Я меньше всего говорил о внутреннем истолковании режиссером пьес и их образов в пору Общества, о таком воздействии Станиславского на отдельные исполнения ставимых им спектаклей. Эта сторона не была сильною в его работе, не отличалась такою глубиною, яркостью и новизною. В Художественном театре эта сторона ляжет главным образом на другие плечи. Ее, если не юридически по конституции театра, то фактически возьмет на себя другой дуумвир, Вл. И. Немирович-Данченко. Это — его драгоценный вклад в формирующийся театр — вклад, без которого уверенно можно сказать, этот театр не стал бы Художественным театром. Но все мое предшествующее изложение должно показать, каков был вклад Станиславского, какого размера и характера сила и какой энтузиазм притягивались к осуществлению мечты о новом театре.

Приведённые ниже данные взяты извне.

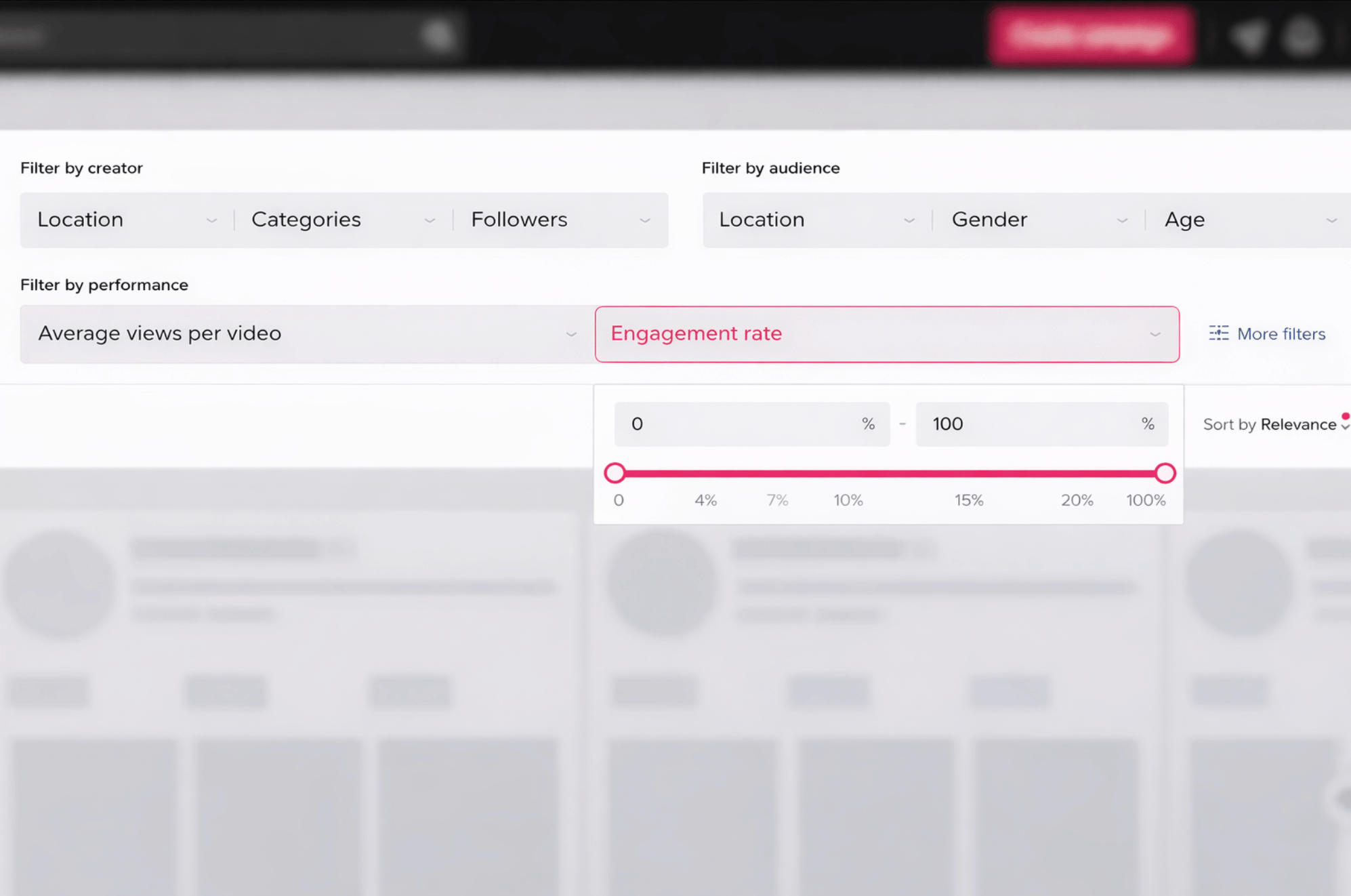 Under “Engagement rate,” specify the engagement rate range you want from your partner creator. Engagement rate is measured as a percentage value (0-100%).

Я уже несколько раз говорил, — она, эта мечта, жила и в Станиславском. Но еще ярче, определеннее и настойчивее жила в Немировиче-Данченко. Он отчетливее сознавал, что наступило время ее осуществить, и что уже есть для того реальная возможность. Он угадал минуту. И он угадал Станиславского. Ему принадлежит инициатива и привлечение Станиславского к созданию Художественного театра.

На нем и должен я теперь остановиться.

III

Станиславский — человек единого устремления. К театру. Театр — центр всего его существа и всего его существования. Театрально кристаллизовалась вся его богатая природа. Всегда о театре — все его мечты, думы, заботы и волнения души.

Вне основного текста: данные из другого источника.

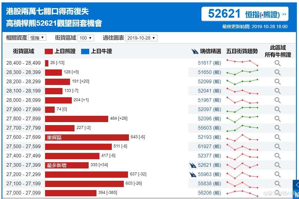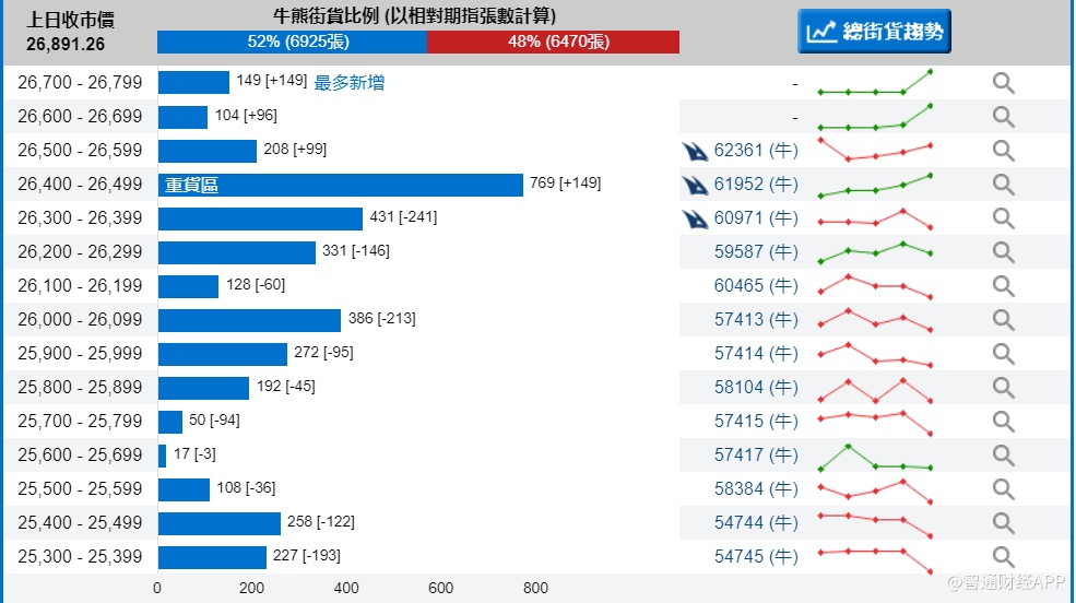 智通财经APP获悉,截至10月29日,恒指最新的牛熊街货比例52:48。瑞信恒指牛熊证街货分布图中的数据显示,熊证街货重货区和最多新增区都在27600-27699区间,该区间最新熊证数量为643张,较上一交易日减少6张;最多新增区间在27300-27399。牛证街货重货区在26400-26499区间,该区间最新牛证数量为769张,比上一交易日增加149张;最多新增区间在26700-26799。

У Вл. Ив. Немировича-Данченко — двойное устремление, если брать этого славного основателя и блестящего водителя, кормчего Художественного театра не в статике последней его полосы, но в биографической динамике. У этой натуры и у этой жизни — две оси вращения, два центра. Но они не приходили в соперничество и борьбу за власть над человеком. Они {75} соприкасались плотно, и оба устремления, пересекаясь, перекликаясь, одно другим пронизываясь, наконец, гармонично воплотились в одном коренном его деле. Этот двойной Немирович-Данченко, с двояким тяготением, четко выразился уже в его детском и отроческом облике. Вот немногие черточки и подробности. Они — автобиографического характера, так как я их знаю из рассказов самого Немировича-Данченко[xxx]. На глубоком подоконнике его тифлисской детской были расставлены карточные короли, дамы и валеты. Эта бумажная труппа без конца разыгрывала всякие пьесы под режиссерством своего маленького антрепренера. Ему было семь лет, когда мать впервые взяла его в театр на представление «Горе от ума». Спектакль произвел в душе целый переполох. Чары сцены, театрально осуществленных вымыслов заворожили сразу и властно. Все подробности виденного в этот вечер неизгладимо впились в память, остались в ней навсегда. Скоро прибавились {76} столь же сильные впечатления от спектакля лермонтовского «Маскарада», еще от некоторых. Подоконник, обращенный детской фантазией в театральные подмостки, заработал во всю: карточные актеры и их режиссер не знали устали. Короли и валеты играли все, что попадало режиссеру в руки. Играли «Скупого рыцаря», потому что в доме были томы Пушкина и были они любимым чтением мальчика; играли и какую-то высоко нелепую пьесу какого-то высоко нелепого драматурга, потому что и тетрадка с этою драматическою новинкою каким-то образом попала в квартиру Немировичей и, конечно, не миновала рук мальчика. А в стекла над подоконником был виден настоящий театр в Казенном саду, на противоположной стороне площади. Он дразнил разбуженное первыми театральными посещениями воображение, {77} тревожил зародившуюся страсть. Так сказалось первое устремление — сценическое.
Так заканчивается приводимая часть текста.